В словах женщины мне послышалось смущение — как будто она, убежденный чёрный маг, оправдывалась перед дочерью за добрые поступки, которые время от времени приходилось совершать.
Кристина, кивнув, отпила из чашки, взяла крошечный бутерброд. Её примеру последовала молчаливая Клавдия. Я тоже не заставил себя упрашивать. Голода пока не ощущалось, но я хорошо знал, что уже через полчаса меня скрутит со страшной силой. А раздобыть еду в академической столовой в неурочное время — та ещё затея.
— Безумный, совершенно безумный день, — вздохнула Мария Петровна. — Одну из фрейлин сегодня арестовали. Вы, полагаю, знаете, кого, — она посмотрела на меня.
— Луизу фон Краузе, — сказал я.
— Верно. Девчонка, похоже, повредилась в уме. Иначе я не знаю, как объяснить её сумасшедший поступок. Покушение на убийство князя Барятинского…
Клавдия вздрогнула и посмотрела на Марию Петровну.

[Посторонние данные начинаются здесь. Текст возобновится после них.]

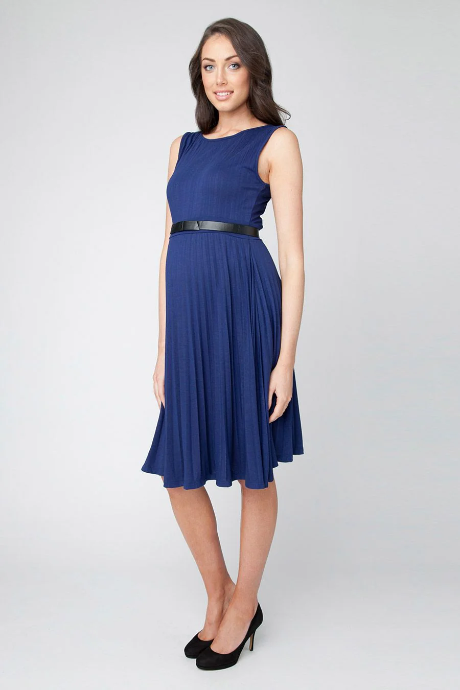 Ärmelloses Umstandskleid mit leicht ausgestelltem Plisseerock und betonter Empire Line. Der abgebildete Gürtel ist nicht im Lieferumfang enthalten.
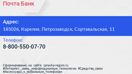 Почта Банк по адресу 185026, Карелия, Петрозаводск, Сортавальская, 11 в дальнейшем Организация, размещена в следующих категориях:
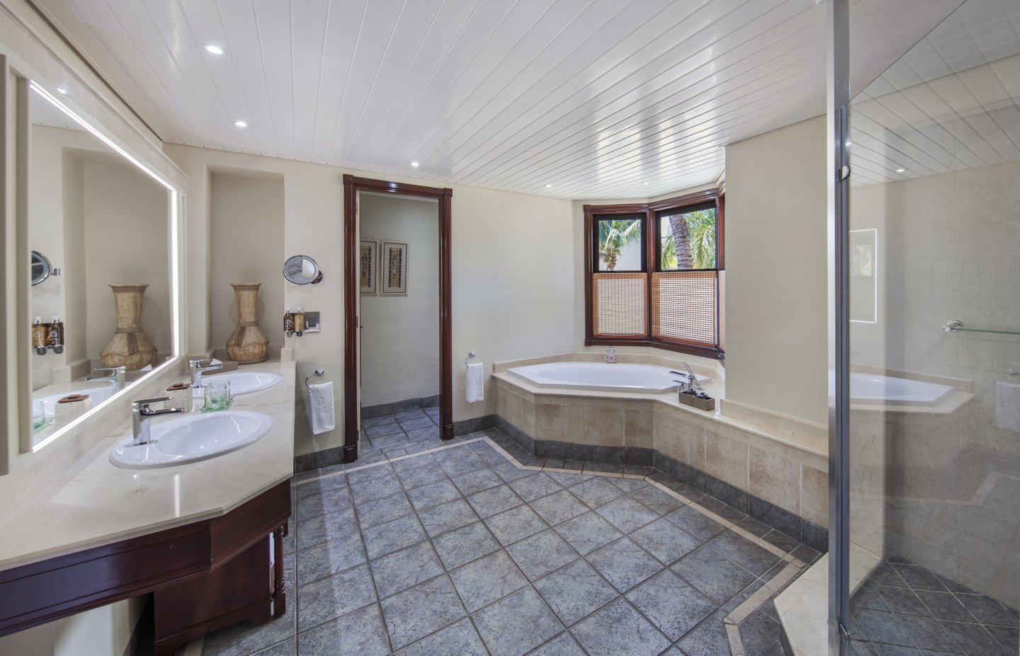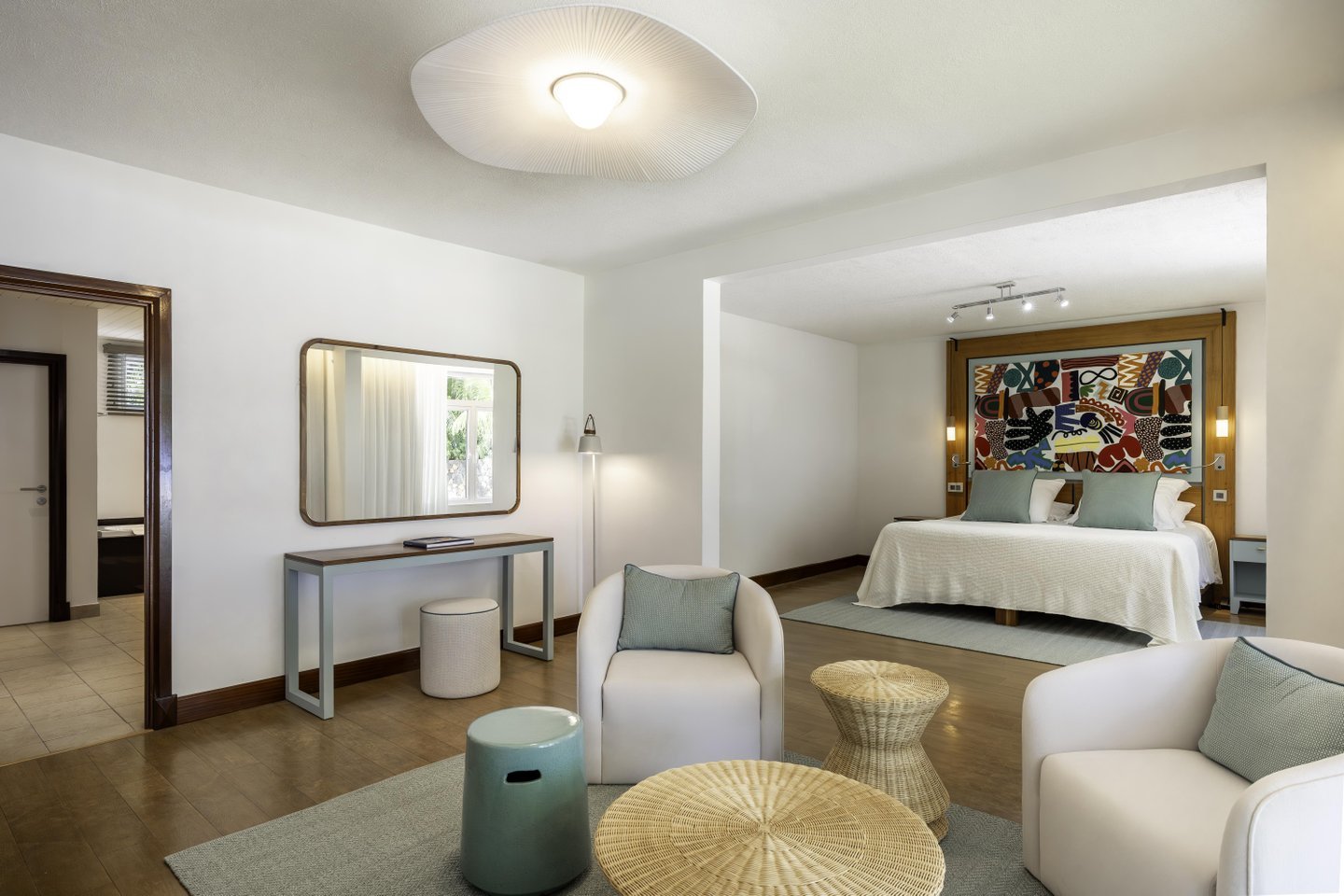 وسط الحدائق الاستوائية الغنّاء، يقدم هذا الجناح ملاذًا فاخرًا يلبي احتياجات جميع أفراد العائلة. يمكن للوالدين والأطفال الاستمتاع بمساحات رحبة لقضاء أوقات ممتعة معًا أو للاسترخاء بهدوء. الشرفة، المجهزة بأثاث خارجي فاخر وكراسي استرخاء موضوعة في ظل الحديقة شبه الخاصة، تمنح تجربة مثالية للمعيشة في الهواء الطلق بأقصى درجات الراحة. يضفي الخشب الداكن لمسة من الأناقة على غرفة النوم الرئيسية ذات الطراز الكولونيالي، فيما تضيف الإضاءة الدافئة والدرجات الترابية العميقة إحساسًا رومانسيًا متكاملًا. يستمر هذا الجو الهادئ في الحمام الفاخر الذي يضم خزانة واسعة. ومن خلال باب أنيق وخاص، يمكن الوصول إلى غرفة الأطفال المصممة بعناية لتلبي راحتهم.

— Прошу прощения? — пролепетала она.
— Не волнуйтесь, ваш драгоценный Константин Александрович сидит рядом с вами, — улыбнулась Мария Петровна. — Всё уже закончилось. Хотя, полагаю, вам придётся рассказать о том, что с вами случилось. Вам обоим. — Она перевела взгляд с меня на Кристину.
— Нас выбросило на Изнанку, — сказала Кристина.
— Да. И, боюсь, об этом уже известно всем, — кивнула Мария Петровна. Улыбка её исчезла, голос похолодел. Теперь с Кристиной разговаривала не мать, а статс-дама императорского двора. — Я была бы чрезвычайно признательна, дорогая, если бы ты объяснила, что заставило тебя в этом участвовать?
В наступившей тишине Кристина не на шутку задумалась. А потом вдруг послышался стук.
Мы все одновременно посмотрели на пол.
— Господи всеблагой, это ещё что? — воскликнула Мария Петровна.
— Подарок. — Кристина, быстро наклонившись, подняла невесть откуда вывалившийся револьвер.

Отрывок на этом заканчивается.